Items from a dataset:
====================
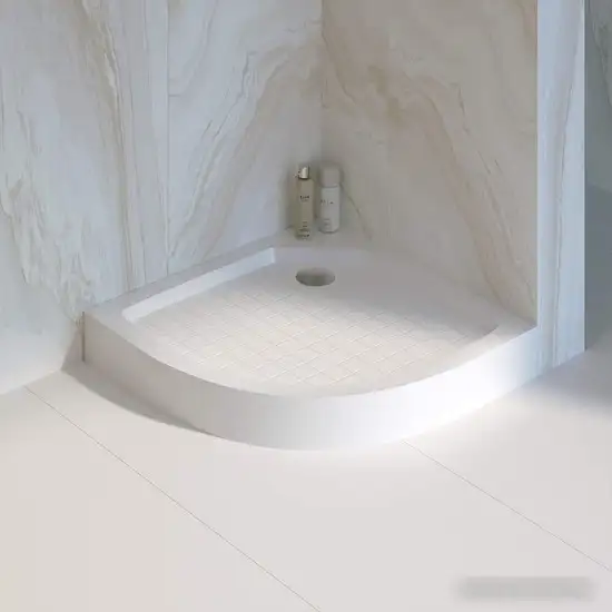 закруглённый, 90x90 см, стеклокомпозит, низкий, 140 см, противоскользящее покрытие дна, цвет: белый
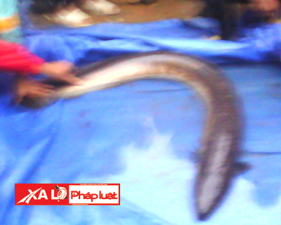 Con cá chạch nặng hơn 15kg do người xóm Chiềng bắt được (Hình chụp từ điện thoại, do người dân cung cấp)
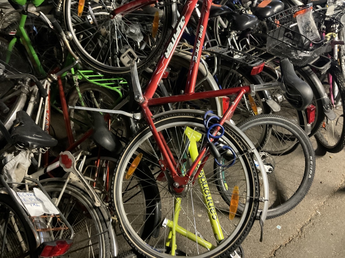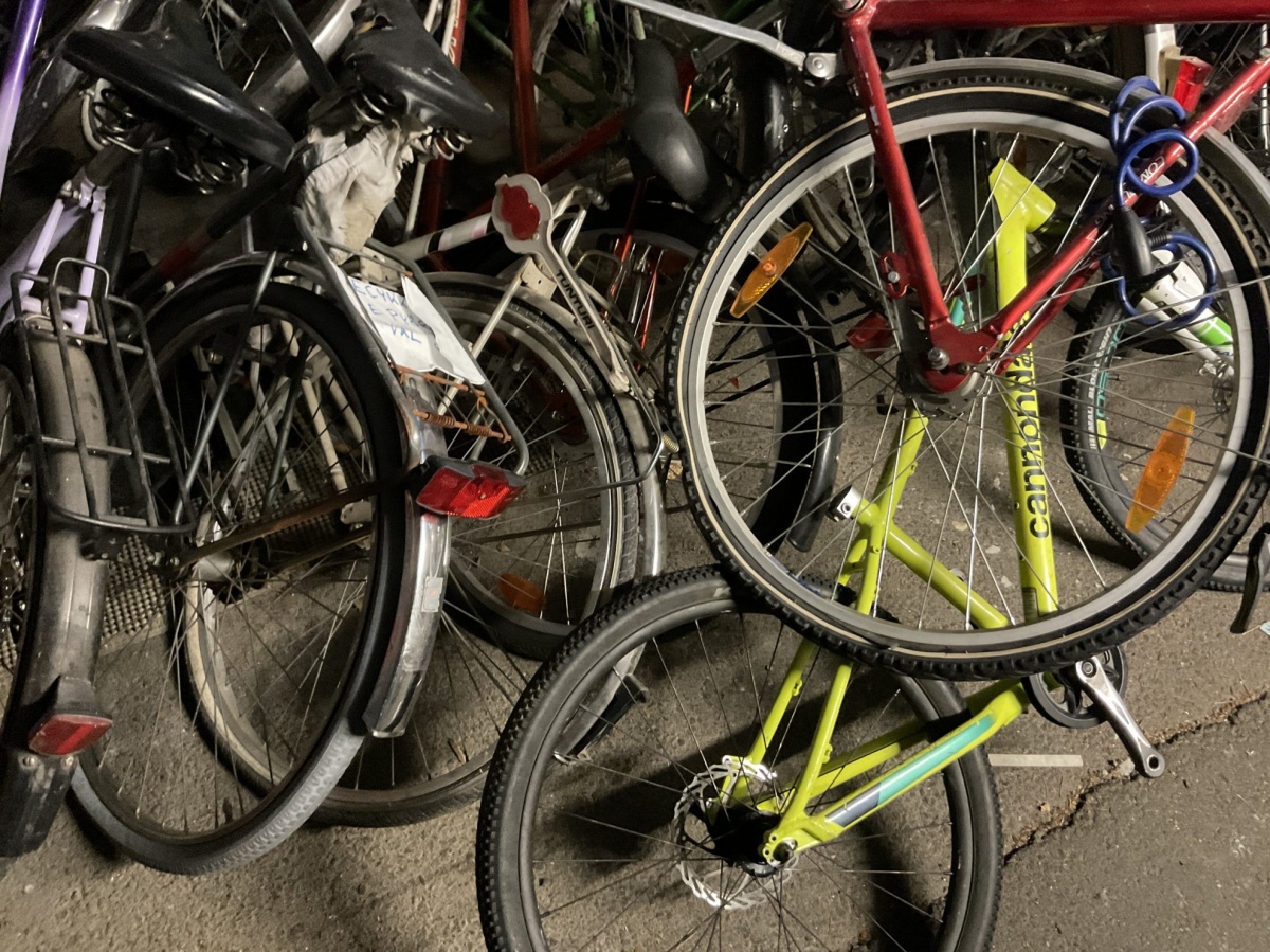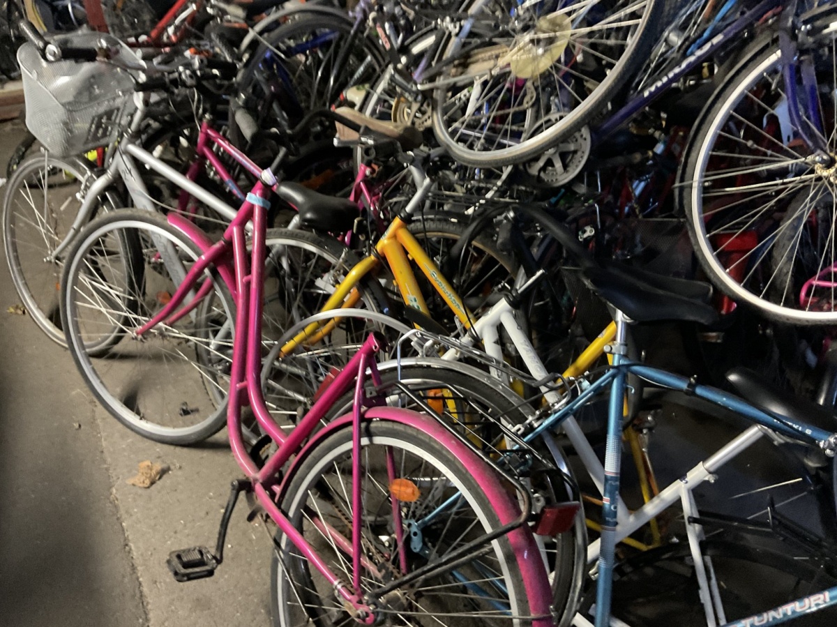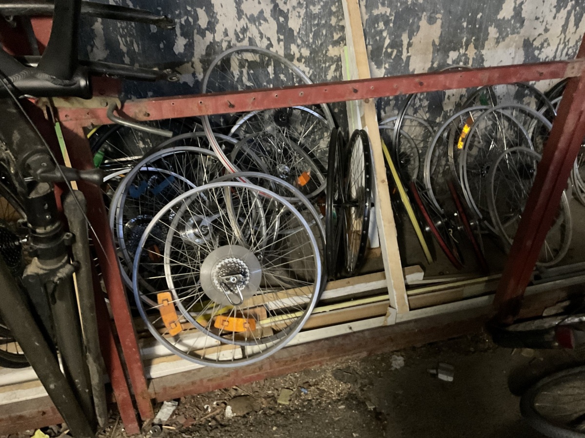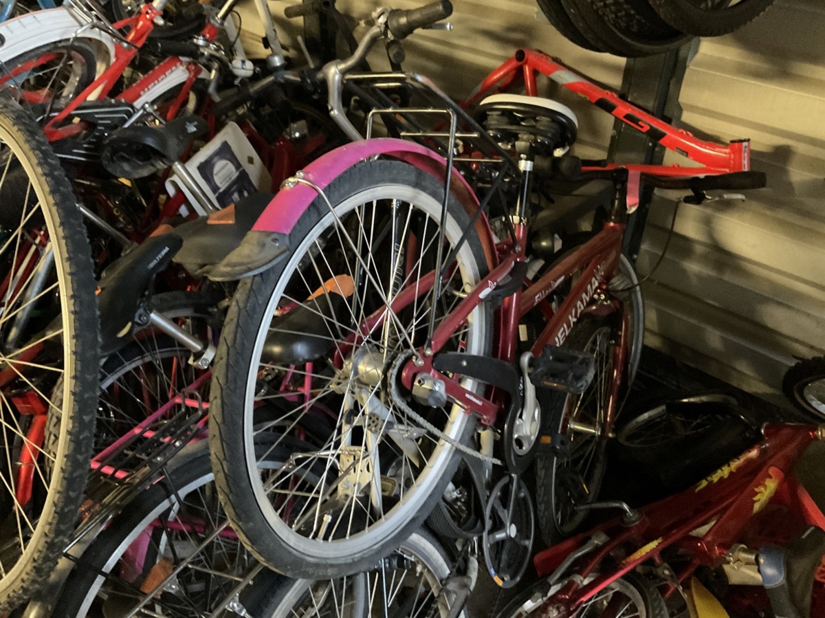 Pyörävarasto, jossa iso määrä käytettyjä, kunnostettavia tai varaosiksi tarkoitettuja polkupyöriä.
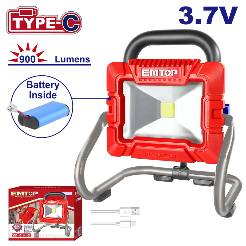 Фонарь EMTOP ELWL4415, представляет собой современный прожектор на аккумуляторе, встроенная батарея имеет возможность замены в отличии от одноразовых моделей в похожих брендах, шнур для зарядки USB Type-C в комплекте, отличное исполнение рамы и качественные материалы деталей конструкции
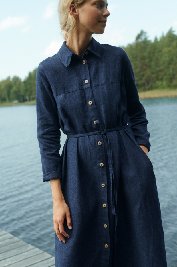 I bought the dress in brown to be my graduation dress. I can be dressed up and down easily. The fabric feels gorgeus and good guality, it's a bit stiff and rough in the beginning, but that't just how linen works. And best of all, it has POCKETS. Absolutely love the dress and wish I'd be able to buy it in the green colour.
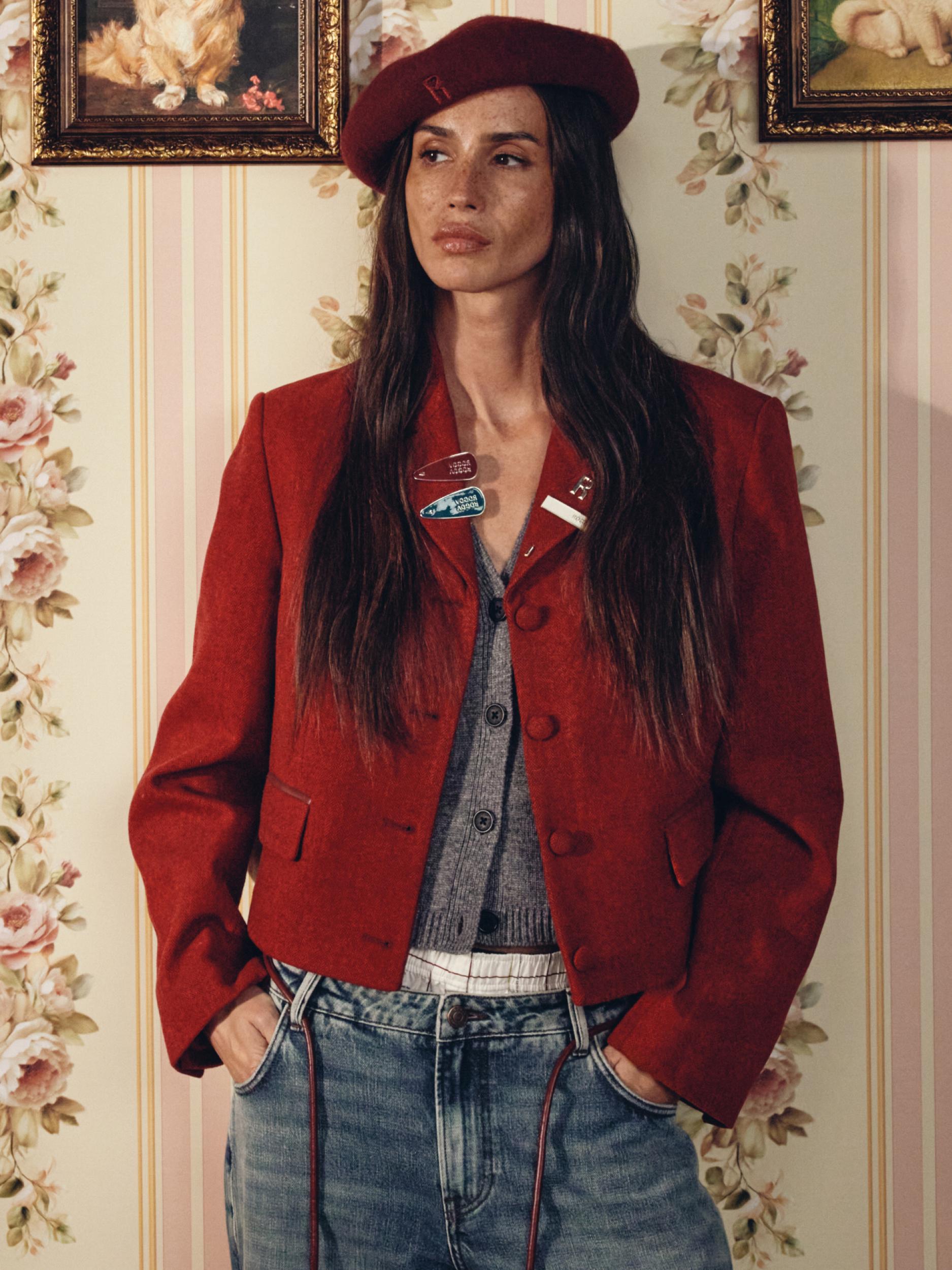 Укороченный твидовый жакет с брошью
====================
● **Activity**
Your answer must be the lines from the opening line of the entries through the line holding "Фонарь EMTOP ELWL4415, представляет", written out exactly and without any picture.

● **Answer to this task**
 закруглённый, 90x90 см, стеклокомпозит, низкий, 140 см, противоскользящее покрытие дна, цвет: белый
 Con cá chạch nặng hơn 15kg do người xóm Chiềng bắt được (Hình chụp từ điện thoại, do người dân cung cấp)
 Pyörävarasto, jossa iso määrä käytettyjä, kunnostettavia tai varaosiksi tarkoitettuja polkupyöriä.
 Фонарь EMTOP ELWL4415, представляет собой современный прожектор на аккумуляторе, встроенная батарея имеет возможность замены в отличии от одноразовых моделей в похожих брендах, шнур для зарядки USB Type-C в комплекте, отличное исполнение рамы и качественные материалы деталей конструкции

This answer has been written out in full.